Assignment: Your task is to retype, word for word, the lines from the start of the data through the line holding "Минуле людства у". Do not include the pictures.

+ + + +

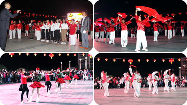 咚呛,咚呛,咚咚呛……铿锵的腰鼓打起来,红红的彩绸飘起来,欢乐的节拍动起来。舞蹈《红梅赞》、合唱《我和我的祖国》、独唱《再唱山歌给党听》、诗朗诵《美丽的家乡——�港农场》、传统太极表演、欢快的广场舞……职工居民用饱满的热情、优美的舞姿、动人的旋律、真挚的感情表达出对伟大祖国的歌颂与赞美之情,赢得了全场观众掌声不断,大家的脸上都洋溢着节日的幸福微笑。
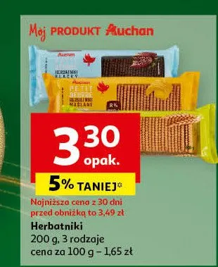 Ile kosztuje Herbatniki czekoladowe Auchan r贸偶norodne (logo czerwone)?
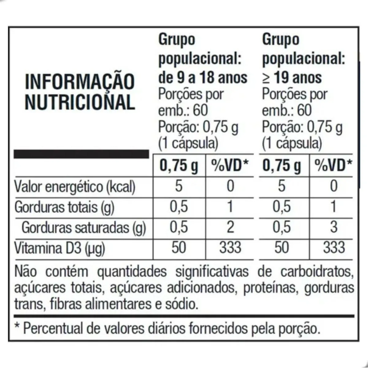 - Suplementação de Vitamina D3 em dose padronizada de 2.000UI para apoio nutricional.
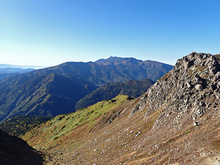 甲斐駒〜塩見岳、鳳凰山の辺りに富士山の山頂も少し見えています。
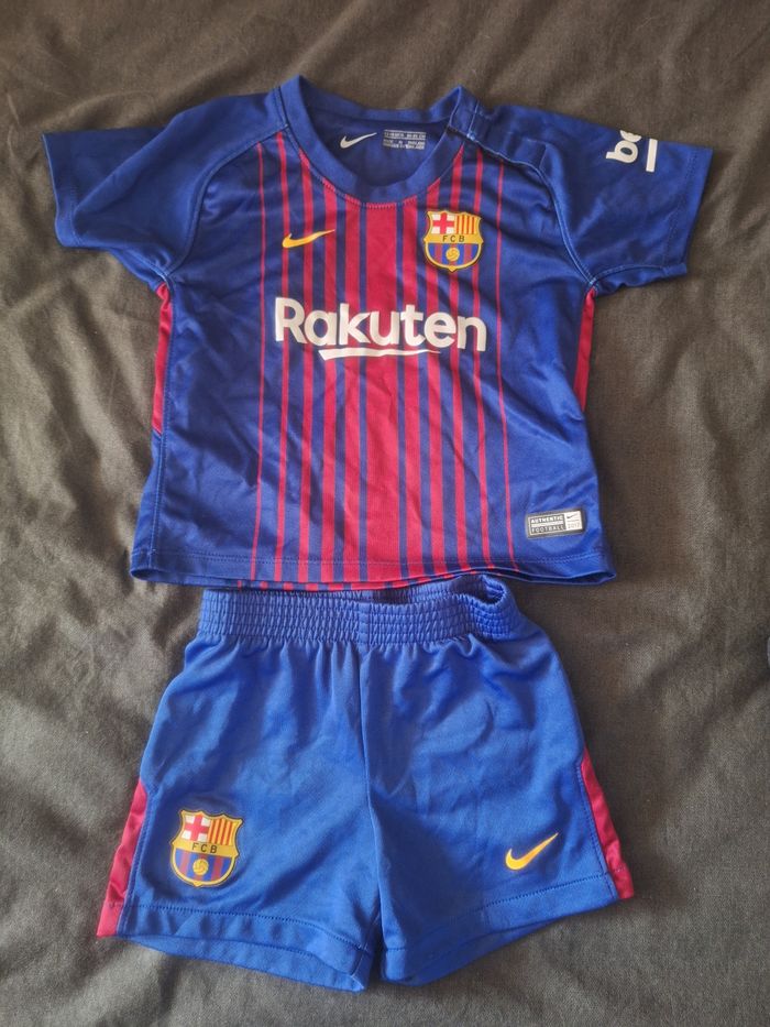Ensemble maillot et short de foot fcb Très bon état Taille 12/18 mois Un minuscule morceau sur le signe nike est parti voir photo
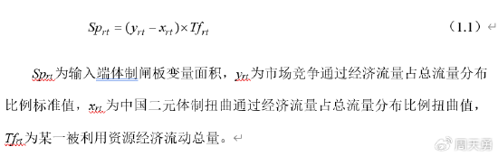比如2024年保守推算的全国非金融国有企业总资产为388万亿元,资产利润率为1.11%,而竞争性非国有企业资产利润率为4.5%,以(1.2)式计算,生产输出端按照标准值应该输出但没有输出的产出流量,也即由非竞争性生产企业形成的资本流量闸板面积为292万亿元/年。
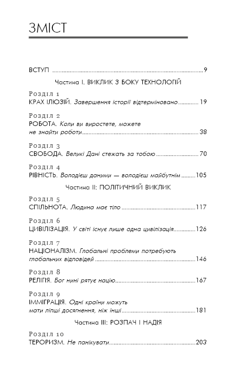 Минуле людства у книзі Sapiens «Людина розумна». Далеке майбутнє у книзі Homo Deus «Людина божественна». Саме настав час замислитися над питаннями сьогодення. Що означає підйом Дональда Трампа? Що можна зробити з епідемією фейкових новин? Чому ліберальна демократія зазнає кризи? Чи повернеться Бог? Чи наближається нова Світова війна? Яка цивілізація домінує в світі — Захід, Китай, іслам? Чи варто Європі тримати відкритими двері для іммігрантів? Чи може націоналізм вирішити проблеми нерівності й зміни клімату? Що треба вчинити з тероризмом? У третій книзі Ювала Ноя Харарі простих відповідей не буде. Проте захоплива подорож навколо глибокого смислу подій, що відбуваються сьогодні — гарантована.
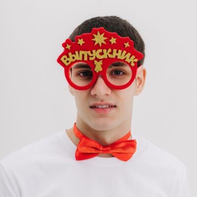Набор выпускника «Умный выпускник» 2 предмета: очки, галстук-бабочка, красный. Карнавальный набор «Умный выпускник» — эффектное дополнение к выпускному костюму для студентов. Бабочка прекрасно подчеркнет образ, а очки с блестками добавят игривости. <b> В набор входит:</b> <ul> <li> черная бабочка из полиэстера (размер регулируется);</li> <li> пластиковые очки с надписью из блесток.</li> </ul> <b> Особенности набора</b> <ul> <li> Универсальные очки подходят на любой размер головы. Сделаны из гладкого пластика.</li> <li> Бабочка сделана из полиэстера. Длина ленты регулируется c помощью фурнитуры.</li> </ul> Желаем вам провести этот праздник с чудесным настроением и сделать множество памятных фото!
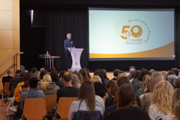 Im Rahmen ihres 50-jährigen Jubiläumsschuljahres öffnete die Konrad-Biesalski-Schule (KBS) ihre Türen für einen Fachtag, der über 350 Lehrkräfte und Fachlehrkräfte für Sonderpädagogik zusammenbrachte. Der Fachtag startete mit einem lebendigen und gleichzeitig fordernden Impulsvortrag von Dr. Sophia Falkenstörfer, Professorin und Inhaberin des Lehrstuhls für Körperbehindertenpädagogik an der Julius-Maximilians-Universität Würzburg. Sie erörterte die Frage, ob man allen Schüler und Schülerinnen wirklich alles lehren kann und wie dies gelingen könnte. Falkenstörfer berichtete zu Beginn von ihren eigenen Erfahrungen in ihrer Zeit als Sonderschullehrerin an verschiedenen Sonderpädagogischen Bildungs- und Beratungszentren im Bundesgebiet. Provokativ und anhand durchaus kritischer Fallbeispiele wie dem „Morgenkreis“ ermutigte sie die Teilnehmenden, über eigene, tradierte Arbeitsweisen hinauszudenken und mögliche selbstgewählte Komfortzonen zu verlassen. Die Botschaft war dabei klar: Sonderpädagogischer Unterricht muss breit gefächerte Lernimpulse einbringen und sollte von den Möglichkeiten, nicht von den Defiziten geleitet sein – und zwar unabhängig von der Art und Schwere der Beeinträchtigung.
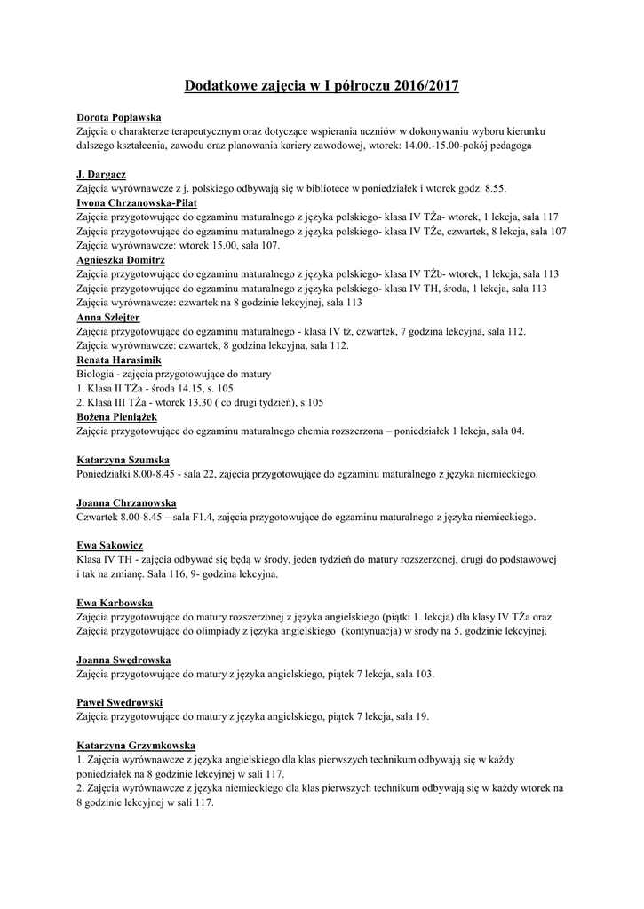 Dodatkowe zajęcia w I półroczu 2016/2017 Dorota Popławska Zajęcia o charakterze terapeutycznym oraz dotyczące wspierania uczniów w dokonywaniu wyboru kierunku dalszego kształcenia, zawodu oraz planowania kariery zawodowej, wtorek: 14.00.-15.00-pokój pedagoga J. Dargacz Zajęcia wyrównawcze z j. polskiego odbywają się w bibliotece w poniedziałek i wtorek godz. 8.55. Iwona Chrzanowska-Piłat Zajęcia przygotowujące do egzaminu maturalnego z języka polskiego- klasa IV TŻa- wtorek, 1 lekcja, sala 117 Zajęcia przygotowujące do egzaminu maturalnego z języka polskiego- klasa IV TŻc, czwartek, 8 lekcja, sala 107 Zajęcia wyrównawcze: wtorek 15.00, sala 107. Agnieszka Domitrz Zajęcia przygotowujące do egzaminu maturalnego z języka polskiego- klasa IV TŻb- wtorek, 1 lekcja, sala 113 Zajęcia przygotowujące do egzaminu maturalnego z języka polskiego- klasa IV TH, środa, 1 lekcja, sala 113 Zajęcia wyrównawcze: czwartek na 8 godzinie lekcyjnej, sala 113 Anna Szlejter Zajęcia przygotowujące do egzaminu maturalnego - klasa IV tż, czwartek, 7 godzina lekcyjna, sala 112. Zajęcia wyrównawcze: czwartek, 8 godzina lekcyjna, sala 112. Renata Harasimik Biologia - zajęcia przygotowujące do matury 1. Klasa II TŻa - środa 14.15, s. 105 2. Klasa III TŻa - wtorek 13.30 ( co drugi tydzień), s.105 Bożena Pieniążek Zajęcia przygotowujące do egzaminu maturalnego chemia rozszerzona – poniedziałek 1 lekcja, sala 04. Katarzyna Szumska Poniedziałki 8.00-8.45 - sala 22, zajęcia przygotowujące do egzaminu maturalnego z języka niemieckiego. Joanna Chrzanowska Czwartek 8.00-8.45 – sala F1.4, zajęcia przygotowujące do egzaminu maturalnego z języka niemieckiego. Ewa Sakowicz Klasa IV TH - zajęcia odbywać się będą w środy, jeden tydzień do matury rozszerzonej, drugi do podstawowej i tak na zmianę. Sala 116, 9- godzina lekcyjna. Ewa Karbowska Zajęcia przygotowujące do matury rozszerzonej z języka angielskiego (piątki 1. lekcja) dla klasy IV TŻa oraz Zajęcia przygotowujące do olimpiady z języka angielskiego (kontynuacja) w środy na 5. godzinie lekcyjnej. Joanna Swędrowska Zajęcia przygotowujące do matury z języka angielskiego, piątek 7 lekcja, sala 103. Paweł Swędrowski Zajęcia przygotowujące do matury z języka angielskiego, piątek 7 lekcja, sala 19. Katarzyna Grzymkowska 1. Zajęcia wyrównawcze z języka angielskiego dla klas pierwszych technikum odbywają się w każdy poniedziałek na 8 godzinie lekcyjnej w sali 117. 2. Zajęcia wyrównawcze z języka niemieckiego dla klas pierwszych technikum odbywają się w każdy wtorek na 8 godzinie lekcyjnej w sali 117. Agnieszka Rybałko Zajęcia przygotowujące do matury z matematyki (IVTŻb,c), poniedziałek 8 lekcja, sala 111. Lilianna Malinowska Zajęcia przygotowujące do matury z matematyki (IVTH,TŻ), piątek 7 lekcja, sala 114. Arkadiusz Bobrowski Zajęcia wyrównawcze z matematyki, poniedziałek od 15.40, sala 114: Bogumiła Przyborowska Zajęcia przygotowujące do matury z matematyki (IVTH,TŻ), piątek 7 lekcja, sala 114 Zajęcia wyrównawcze: Klasy I: wtorek, godz. 15.00, sala 21 Klasy II,III czwartek, godz. 15.00, sala F1.11 Justyna Radaszewska Zajęcia dodatkowe dla kl. IVTH z geografii rozszerzonej we wtorki o godzinie 8.00 w sali 14. Beata Dębska Zajęcia uzupełniające z przedmiotów hotelarskich i PP dla chętnych, oraz dla osób, które nie zdały kwalifikacji T.12. Będą odbywały się według potrzeby uczniów we wtorek o 14.10 w pracowni E2.8 Elżbieta Kurzynowska Zajęcia dodatkowe czwartek godz. 14.10 w sali E.2.17. Program zajęć jest przeznaczony dla uczniów klas II IV, Technikum Hotelarstwa chcących lepiej przygotować się do zewnętrznego egzaminu zawodowego potwierdzającego kwalifikacje zawodowe oraz dla oraz uczniów przystępujących do OWH i chcących poszerzyć wiedzę w zakresie ekonomii i hotelarstwa oraz uczniów mających problemy z opanowaniem podstawy programowej w zakresie nauczanych przedmiotów. Urszula Miklosz Młodzieżowe Miniprzedsiębiorstwo – kontakt z nauczycielem E 2.7 Dorota Kozłowska Profesjonalna obsługa kelnerska (klasy III kelner), spotkania będą odbywały się raz w tygodniu po jednej godzinie lekcyjnej lub co dwa tygodnie po dwie godziny lekcyjne (w czwartki na 8 lekcji lub na 8 i 9). Elżbieta Mazurek ZAJĘCIA ROZWIJAJĄCE WIEDZĘ I UMIEJĘTNOŚCI ZAWODOWE GASTRONOMICZNE UCZNIÓW: - Przygotowanie imprez okolicznościowych zgodnie z potrzebami, - współorganizacja konkursów kulinarnych , pomoc w przygotowaniu uczniów do OWiUR, - zajęcia uzupełniające wiedzę dla uczniów. Barbara Zielińska Przygotowanie, organizacja i obsługa kelnerska przyjęć okolicznościowych. Liczba osób; około 10, Klasa 2tża Liczba godzin i czas realizacji: w zależności od potrzeb. Renata Bielecka Miejsce spotkań : pracownia hotelarska E2.8 Czas trwania zajęć: 2 godziny 2 razy w miesiącu w czwartki (13,30-15,00) Pierwsze zajęcia 29.09.2016r. Spotkania indywidualne w zależności od potrzeb. Zajęcia kierowane są do klasy III, I, IV TH. Elwira Frydrych Zajęcia przygotowujące do egzaminu z kwalifikacji T.15 w kl IVTŻ (pierwsza i trzecia sobota miesiąca w wymiarze 4 godzin, Wolontariat -2godz/tydzień Anna Czyż Program zajęć dodatkowych 1. Przygotowanie i obsługa imprez organizowanych przy współudziale i na terenie Szkoły 2. " Przysmaki kuchni regionalnych" - zajęcia rozwijające zainteresowania uczniów kuchniami innych rejonów Polski Miejsce realizacji - pracownie gastronomiczne ZS nr 6 Adresat: chętni uczniowie kl. IIZc, IIITżb Zajęcia prowadzone będą: 1. Udział i forma aktywności uczniów w zależności od potrzeb 2. Raz w miesiącu - 4godz. Urszula Walas PROGRAM zajęć pozalekcyjnych na temat: Współorganizacja imprez, uroczystości i konkursów od strony gastronomicznej w Zespole Szkół Nr 6 oraz prowadzenie zajęć z młodzieżą mającą problemy z nauką zawodu w pracowni gastronomicznej. Miejsce realizacji - Ze
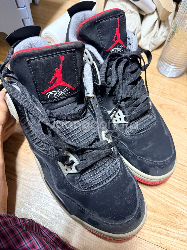 개인정보(거래정보)를 주고받는 행위는 사기에 노출될 수 있으므로 즉시 중고나라로 신고해 주세요나이키 에어조던4 레트로 블랙 컬러웨이 운동화예요. 전체적으로 깔끔한 상태이고 밑창도 양호합니다. 클래식한 디자인으로 오래 신을 수 있는 명품 운동화입니다. 2019 버젼으로 현재 리셀가 40만원 중반대 입니다

+ + + +

Task answer:
 咚呛,咚呛,咚咚呛……铿锵的腰鼓打起来,红红的彩绸飘起来,欢乐的节拍动起来。舞蹈《红梅赞》、合唱《我和我的祖国》、独唱《再唱山歌给党听》、诗朗诵《美丽的家乡——�港农场》、传统太极表演、欢快的广场舞……职工居民用饱满的热情、优美的舞姿、动人的旋律、真挚的感情表达出对伟大祖国的歌颂与赞美之情,赢得了全场观众掌声不断,大家的脸上都洋溢着节日的幸福微笑。
 Ile kosztuje Herbatniki czekoladowe Auchan r贸偶norodne (logo czerwone)?
 - Suplementação de Vitamina D3 em dose padronizada de 2.000UI para apoio nutricional.
 甲斐駒〜塩見岳、鳳凰山の辺りに富士山の山頂も少し見えています。
Ensemble maillot et short de foot fcb Très bon état Taille 12/18 mois Un minuscule morceau sur le signe nike est parti voir photo
比如2024年保守推算的全国非金融国有企业总资产为388万亿元,资产利润率为1.11%,而竞争性非国有企业资产利润率为4.5%,以(1.2)式计算,生产输出端按照标准值应该输出但没有输出的产出流量,也即由非竞争性生产企业形成的资本流量闸板面积为292万亿元/年。
 Минуле людства у книзі Sapiens «Людина розумна». Далеке майбутнє у книзі Homo Deus «Людина божественна». Саме настав час замислитися над питаннями сьогодення. Що означає підйом Дональда Трампа? Що можна зробити з епідемією фейкових новин? Чому ліберальна демократія зазнає кризи? Чи повернеться Бог? Чи наближається нова Світова війна? Яка цивілізація домінує в світі — Захід, Китай, іслам? Чи варто Європі тримати відкритими двері для іммігрантів? Чи може націоналізм вирішити проблеми нерівності й зміни клімату? Що треба вчинити з тероризмом? У третій книзі Ювала Ноя Харарі простих відповідей не буде. Проте захоплива подорож навколо глибокого смислу подій, що відбуваються сьогодні — гарантована.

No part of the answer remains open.